Only the lines from the one holding "商品相册:得力(deli)水" to the end of the data should be echoed, exactly as they appear, minus the pictures.

- **COLLECTED MATERIAL**
=== Begin Enclosure ===

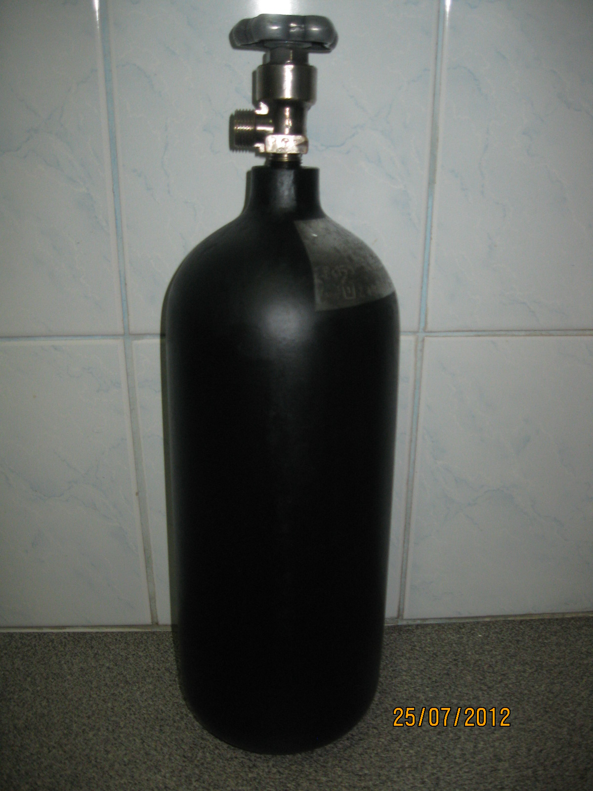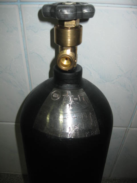 Баллон углекислотный 5л:СССРовский,испытан до 2017г,заправлен СО2,рабочее давление 150атм,высота 53см,ширина 13см,вентиль "КВ-1М" новый,резьба СП21.8,полукруглое дно,350гр.
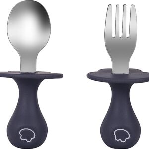Infant Self Baby Spoon Fork Set Toddler Silicone Utensils Stainless Steel Tableware First Training Weaning for 6+ Month (Grey)
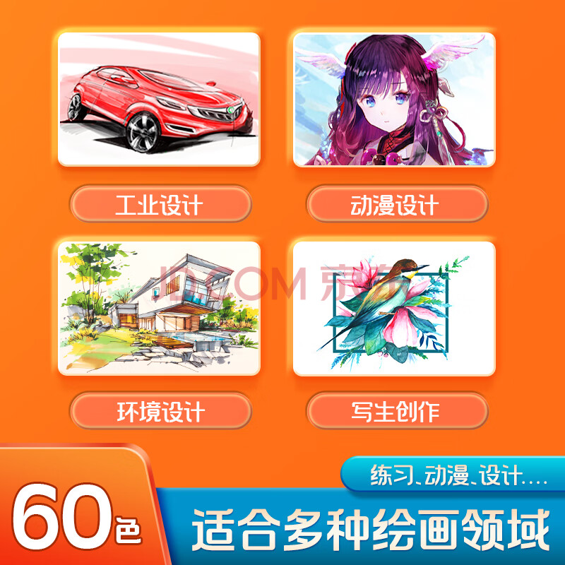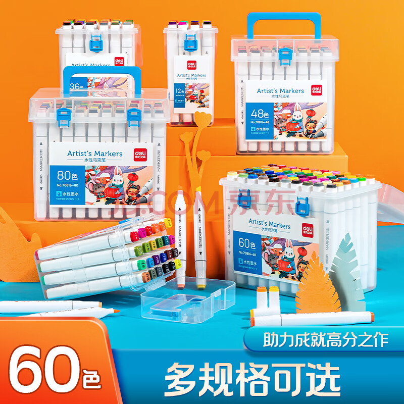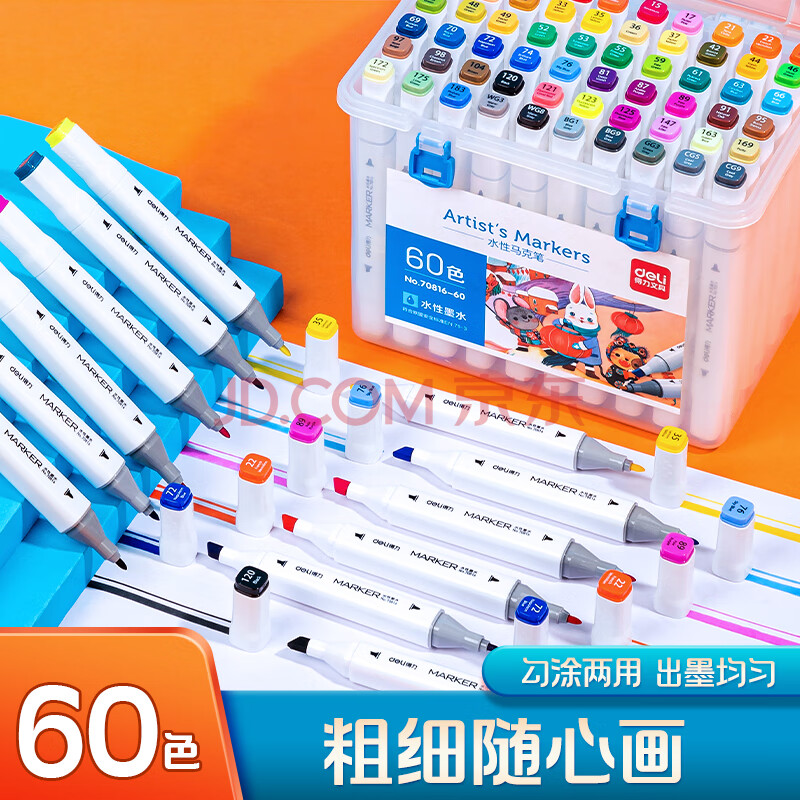 商品相册:得力(deli)水性马克笔60色双头速干方杆大容量学生元旦树水彩笔荧光笔男孩女孩绘画涂色水彩勾线礼物美育第
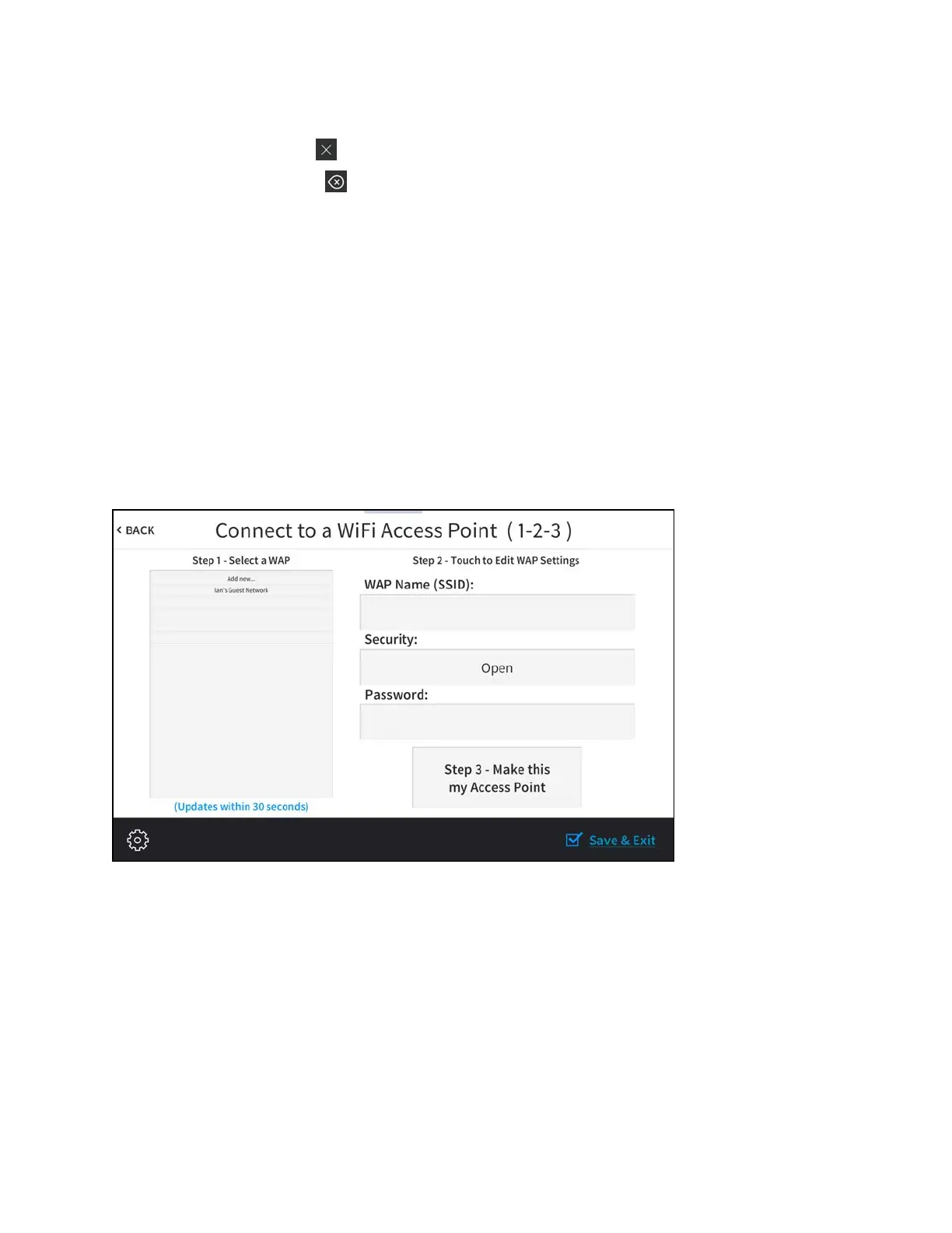 Connect to a Wi-Fi Access Point (1-2-3)Screen

=== End Enclosure ===

- **ANSWER BOX**
 商品相册:得力(deli)水性马克笔60色双头速干方杆大容量学生元旦树水彩笔荧光笔男孩女孩绘画涂色水彩勾线礼物美育第
 Connect to a Wi-Fi Access Point (1-2-3)Screen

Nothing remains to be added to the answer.